On home shores, figures from the Office for National Statistics showed the government borrowed more than expected in February.

Borrowing rose to £14.3bn, up £2.2bn from a year earlier and marking the second highest level for that month since records began. It was also well above the £8.5bn expected by economists.

Borrowing in the financial year to February was £125.9bn, down 8.7% on the same 11-month period a year ago, but still the fourth-highest April to February borrowing on record.

ONS senior statistician Tom Davies said: "Borrowing was higher than the same month last year and was the second-highest February figure on record. While receipts were up on last year, that was outweighed by a rise in spending, including the later timing of some debt interest payments.

"However, across the first eleven months of this financial year as a whole, borrowing was down, as receipts increased by more than spending."

In equity markets, airlines flew higher, with easyJet and BA and Iberia owner IAG both up sharply.

Unilever was also in the black as it confirmed it was in talks to separate its food business and combine it with spice maker McCormick.
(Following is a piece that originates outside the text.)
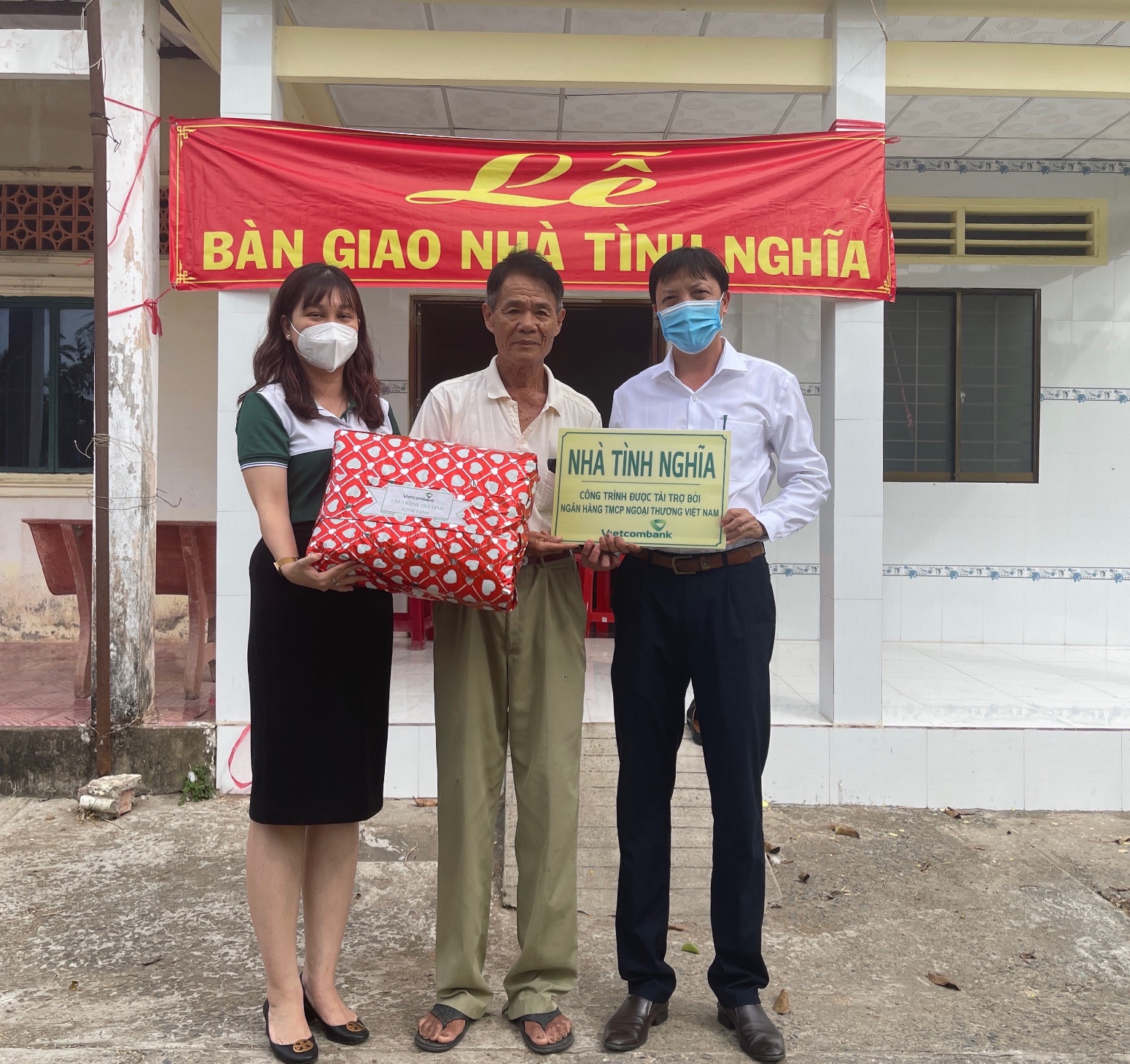 Phát huy truyền thống uống nước nhớ nguồn, đền ơn đáp nghĩa, hỗ trợ giúp đở các gia đình, cá nhân có công với cách mạng hiện đang còn khó khăn về nhà ở. Ngày 24/02/2022, Vietcombank Chi nhánh Trà Vinh tổ chức lễ bàn giao trao tặng 02 căn nhà tình nghĩa cho 02 gia đình thương binh, có công với cách mạng tại xã Vinh Kim, huyện Cầu Ngang (nguồn kinh phí do Ngân hàng TMCP Ngoại thương Trà Vinh hỗ trợ xây dựng mỗi căn trị giá 50 triệu đồng)
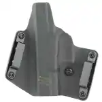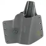 The Standard OWB is ideal for users who desire a rugged and rigid carry platform. It'a great for OWB concealment due to the side mounted belt attachment points, this reduces the overall thickness of the platform and allows the gun to ride as close to the body as possible. The Standard OWB holster is designed to have a total curve throughout the body of the holster, allowing the holster to have a more natural fit to the curve of the body. Additionally, the Standard OWB holster comes outfitted with a retention screw that allows the end user adjustability to the retention of the holster to their preference. Thread Locker is applied to all screws to prevent loosening over time. The metal OWB loops eliminates a common failure point (loops breaking). All OWB holsters can be converted to IWB by removing the OWB loops from the back of the holster and attaching IWB loops to the front of the holster. Made in the USA.

If successful, the deal would see brands such as Unilever's Hellmann's mayonnaise and US-based McCormick's Cholula hot sauce brought together.
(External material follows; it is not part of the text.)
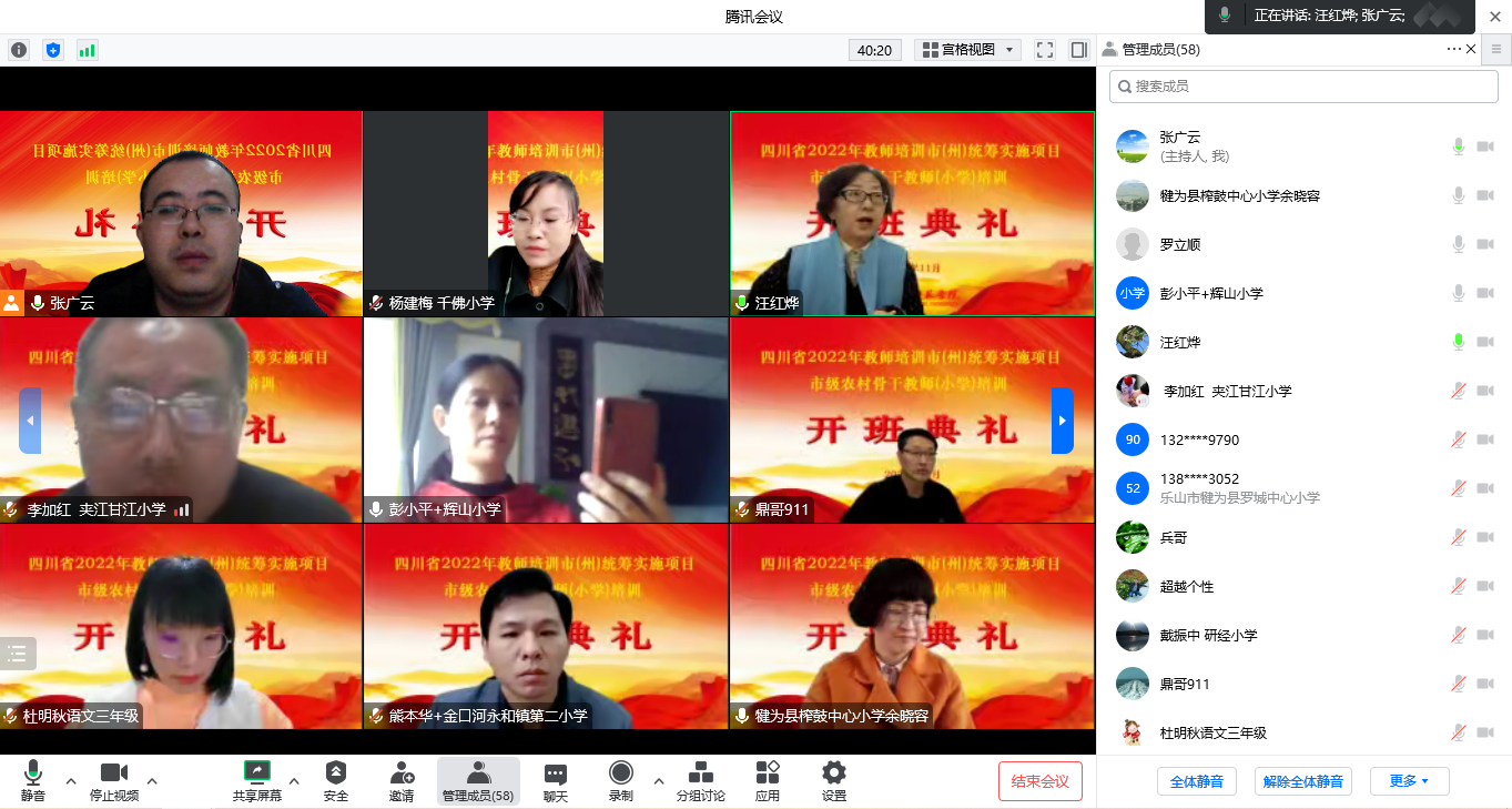 本网讯(文图/李巧玥)14日上午,由betway西汉姆承办的四川省2022年教师培训市(州)统筹实施项目市级农村骨干小学教师培训开班典礼顺利开展。betway西汉姆党委书记罗立顺、院长汪红烨、党委副书记兼纪委书记何晓军、副院长徐世鼎、唐前军,项目首席执行专家、教师教育公共课教研室主任张广云,班主任杨林、孙来成及乐山市各区、市(县)50名市级骨干班主任及骨干学科教师参加了此次典礼,开班仪式由徐世鼎主持。
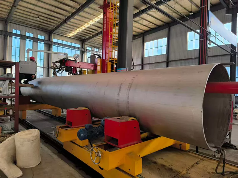 نحن نقوم بتشغيل العديد من خطوط إنتاج الأنابيب الملحومة المصنوعة من الفولاذ المقاوم للصدأ على نطاق واسع. تم تجهيز خط الإنتاج الرئيسي بآلة تشكيل بالضغط الأوتوماتيكية الكبيرة بوزن 8000 طن، 13 مترًا، وعشرة خطوط لحام أوتوماتيكية بالكامل، ومرافق داعمة تشمل آلات القطع بالليزر كبيرة الحجم، وغرف اختبار التصوير الشعاعي بالأشعة السينية، وخزان التخليل بطول 15 مترًا، وفرن المعالجة الحرارية ذو السعة الكبيرة.

On the downside, JD Wetherspoons tumbled as it posted a steep drop in interim profits and warned that full-year numbers would likely disappoint, as it battled a spike in costs.

The British pub chain saw revenues rise 5.7% in the 26 weeks to 25 January, to £1.09bn, while like-for-like sales were 4.8% stronger.

However, operating profits tumbled 18.4% to £52.9m, missing forecasts for a more modest drop to £60m.

Smiths Group also lost ground as the diversified engineer's half-year organic revenue growth missed expectations.